How incredibly gifted are the members of today's New York Times Editorial Board! Of the literally uncountable factors that influence an economy, to know that "the stimulus" did all the "good" that's been done over the past few years is utterly amazing! Unbelievable even! Literally, unbelievable!
Well, I'm guessing that if you happen to be a committed Democrat, you share that New York Times state of mind all day long. And if you're a staunch Republican you see it as the worst sort of political hogwash.
Now ask yourself, Mr./Ms. "Conservative", and answer honestly, if a Republican had resided in the White House over the past five years---all else, in terms of economic performance, being equal---would you not indeed be trumpeting those very same numbers as testimony to the efficacy of your ideology?
In "Products of Our Environment", the last essay in Leaving Liberty? (shameless plug, my bad), I confessed that I am no less a product of my environment than is my son's former college professor. That said, as my first book Making Lemonade (sp, mb) attests, I at one time suffered (unwittingly) from a touch of Keynesianism myself. However, the few subsequent years of observation and study have entirely purged my mind of any belief that prosperity can be had at the hands of politicians, be they "liberals" or "conservatives".
So then, the fact that I did not confine my studies to but one ideology proves that I am not merely a product of my environment, right? Well, alas, I suppose it doesn't---in fact I know I spent more time on Hayek than I ever did on Keynes. And, besides, if my convictions haven't indeed sprung from the seeds strewn along my path, would that not leave me the victim (or beneficiary) of my genetics? And of course there can be no genetic predisposition when it comes to ideology, right?
I mean, surely, Krugman's "progressivism" and Limbaugh's "conservatism", for example, can only reflect their respective upbringings. Rewind and insert Baby Rush and Baby Paul into each other's environment, have each experience the other's experiences---the successes, the failures, the tutors, the molders, the shapers---and a bearded, medium-build tenor ultra-conservative would emerge to dominate the airwaves, while a full-figured bass-baritone would lever the Nobel Prize in Economics to become the "liberal" hack of a generation.

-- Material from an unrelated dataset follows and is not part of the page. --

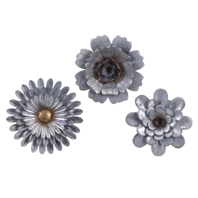 Add a floral touch with this set of three galvanized metal wall flowers.
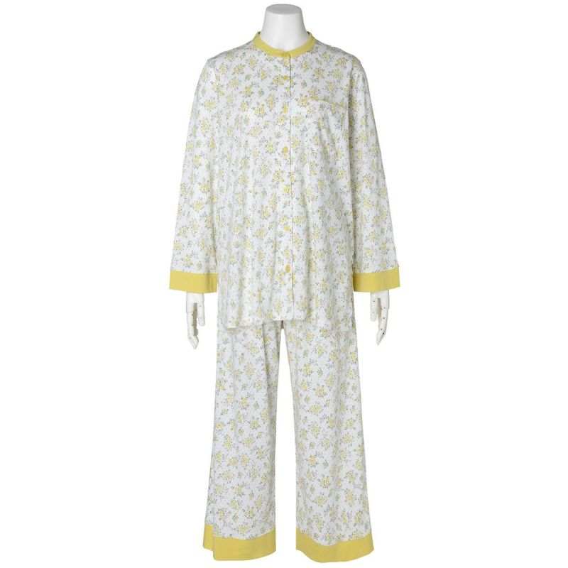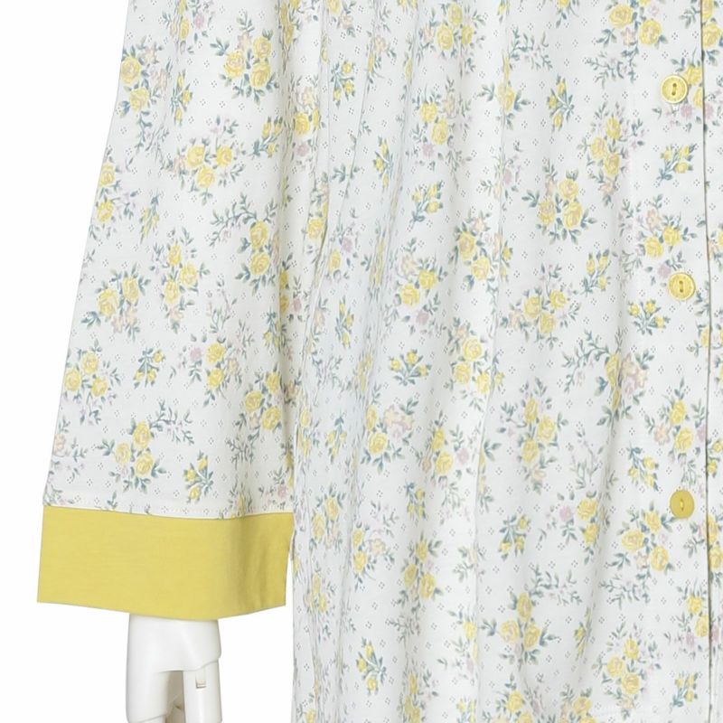 青い小花が着映えるブルーと、身生地に散らした小花が大人のかわいらしさを演出するイエローの2色展開。

Now, all that said, I guess I should Google "is there a genetic predisposition toward political preference?". "Political", as opposed to "economic", being the operative word, for when we're talking the New York Times Editorial Board and the Krugmans and Limbaughs of the world, their politics unequivocally determines their economics.
Well, shoot, I might have known:
Here's a snippet from a paper by the University of Sydney and Queensland Institute of Medical Research's Peter K. Hatemi, and 13 other braniacs:
In numerous studies, involving different time periods and populations, it has been reported that genes contribute significantly to the variation in liberal and conservative political attitudes (Hatemi et al. 2010; Martin et al. 1986). However, any pathway from DNA to social behavior is certain to be convoluted, involving networks of genes, genetic expression, multiple intervening neurobiological processes, development, and a multitude of environmental contingencies.
So, yes, or maybe...
Okay, so perhaps there exists some genetic linking that would bend one's thinking in a certain political direction. That's fine. However, and here's the point I'm hoping to make, while both sides---predisposed environmentally or genetically---may be miles apart when it comes to public policy, there is one place where they stand firmly together: Both sides possess an intense desire to limit the freedoms of others.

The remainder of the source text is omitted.